Изменить размер шрифта - +
Энтузиастам казалось, что в

неистовствах Walpurgisnacht [Вальпургиевой ночи (нем.)] слышится грохот артиллерии под Гравелоттом [городок недалеко от Меца произошла решающая

битва франко-прусской войны 1870 года, закончившаяся победой немцев]. Один из признаков писательского гения заключается в том, что люди различных

убеждений находят в нем каждый свои собственные источники вдохновения; профессор Эрлин, ненавидевший пруссаков, восторженно поклонялся Гете за

то, что его дышавшие олимпийским спокойствием творения давали здравомыслящему человеку прибежище от треволнений современного общества. Появился

драматург, чье имя все чаще повторяли в Гейдельберге последнее время, — прошлой зимой одна из его пьес шла в театре под восторженные овации

поклонников и свистки добропорядочных людей. Филип слышал споры о ней за длинным столом фрау профессорши, и в этих спорах профессор Эрлин терял

обычное спокойствие: он стучал кулаком по столу и заглушал инакомыслящих раскатами своего великолепного баса. По его словам, это был вздор, и

вздор непристойный. Он заставил себя высидеть спектакль до конца, но затруднялся теперь сказать, чего испытал больше — скуки или отвращения. Если

театр докатился до такого падения, пора вмешаться полиции и запретить подобные зрелища. Он вовсе не ханжа и готов посмеяться, как и всякий

другой, над остроумным и безнравственным фарсом в «Пале-Рояль», но тут нет ничего, кроме грязи. Он красноречиво зажал нос и свистнул сквозь зубы.

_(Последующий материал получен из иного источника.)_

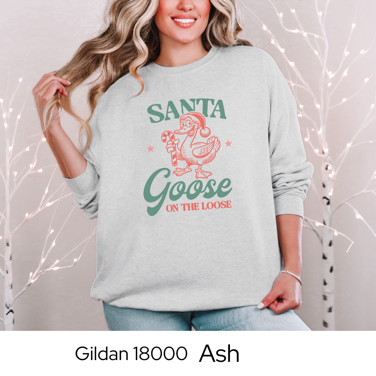 Funny Christmas Sweatshirt, Santa Goose Holiday Crewneck, Cozy Gildan 18000 Pullover, Christmas Humor Sweater, Gift Idea for Women
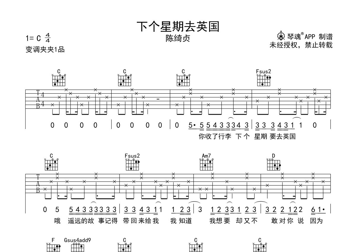 《下个星期去英国》是陈绮贞演唱的一首歌曲,本吉他谱采用的是C调指法编配,这份吉他谱共有两张高清图谱,图谱由 @随心谱 编配上传,图谱使用六线谱编配,包含吉他和弦指法、简谱以及歌词部分,使用这份下个星期去英国吉他谱,可以让你更加方便地掌握这首歌曲的弹唱技巧,快来尝试吧。陈绮贞《下个星期去英国》吉他谱,C调弹唱谱,变调夹夹一品,简单的歌词和旋律,加上苏苏清新的嗓音,仿佛歌里故事就发生在你我身边。陈绮贞的歌声总会让人觉得世界是一团温柔的水。我看着你成长,看着你离别,看着你走向新的世界——其实只是朝着不在预知里的方向旅行而已。
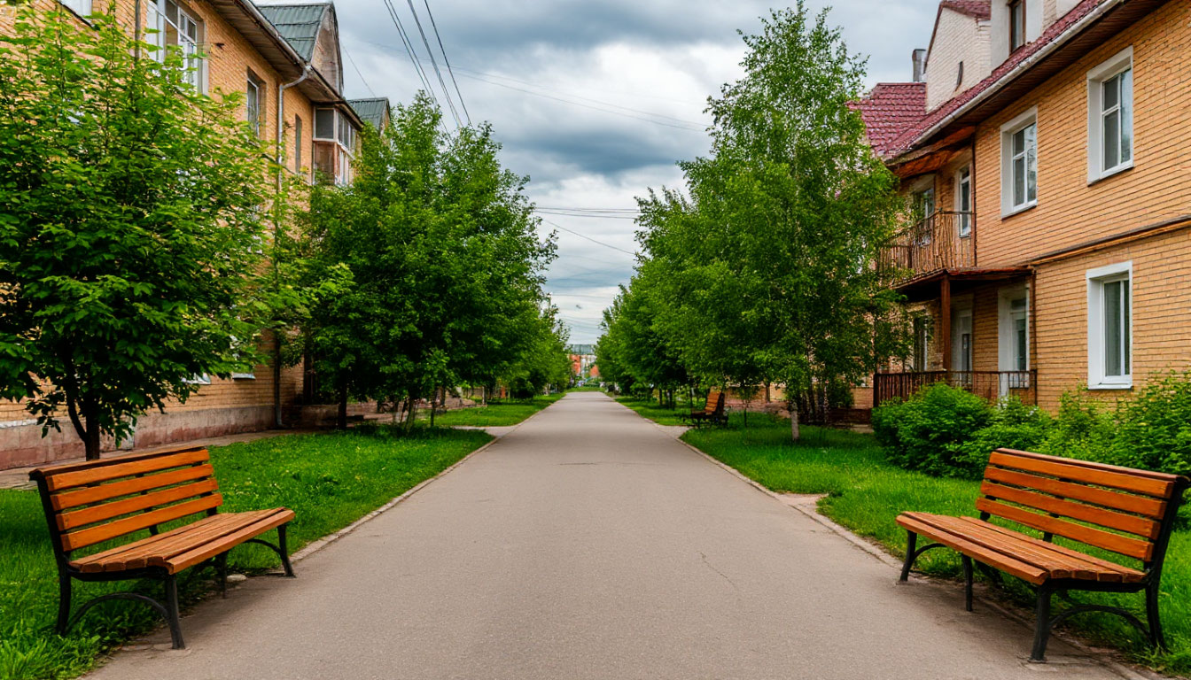 Промт: Quiet residential street in Zarechny area of Chita, low-rise buildings, greenery, wooden benches, overcast but bright daylight, no signage or text.

Это ведет к разложению семьи, гибели морали, распаду Германии.
   — Aber, Adolf [послушай, Адольф (нем.)], — взывала фрау профессорша с другого конца стола, — не волнуйся!
   Профессор погрозил ей кулаком. Он был самым кротким существом на свете и ни разу в жизни не отважился предпринять что-нибудь без ее совета.
   — Нет, Елена, — вопил он, — говорю тебе, пусть лучше я увижу трупы наших дочерей у своих ног, чем узнаю, что они слушали бред этого

бесстыдника.
   Пьеса называлась «Кукольный дом», автором ее был Генрик Ибсен.
   Профессор Эрлин ставил его на одну доску с Рихардом Вагнером, но имя последнего он произносил не с гневом, а с добродушным смехом. Это был

шарлатан, но шарлатан удачливый, и тут было над чем посмеяться.
   — Verruckter Keri! [Безумец! (нем.)] — говорил он.
   Он видел «Лоэнгрина», и это было еще терпимо. Скучно, но не более того. А вот «Зигфрид»! Тут профессор Эрлин подпирал ладонью голову и

разражался хохотом. Ни одной мелодии с самого начала и до самого конца! Представляю себе, как Рихард Вагнер сидит в своей ложе и до колик смеется

над теми, кто принимает его музыку всерьез. Это — величайшая мистификация XIX века! Профессор поднес к губам стакан пива, запрокинул голову и

выпил до дна. Потом, утирая рот тыльной стороной руки, произнес:
   — Поверьте, молодые люди, еще не кончится девятнадцатый век, а о Вагнере никто и не вспомнит. Вагнер! Да я отдам все, что он написал, за одну

оперу Доницетти.
   
   
   
   25
   
   
   Самым странным из всех учителей Филипа был преподаватель французского языка мсье Дюкро — гражданин города Женевы. Это был высокий старик с

болезненным цветом лица и впалыми щеками; длинные седые волосы его сильно поредели. Он ходил в поношенном черном пиджаке с протертыми локтями и

брюках с бахромой. Рубашка его давно нуждалась в стирке. Филип ни разу не видел на нем чистого воротничка.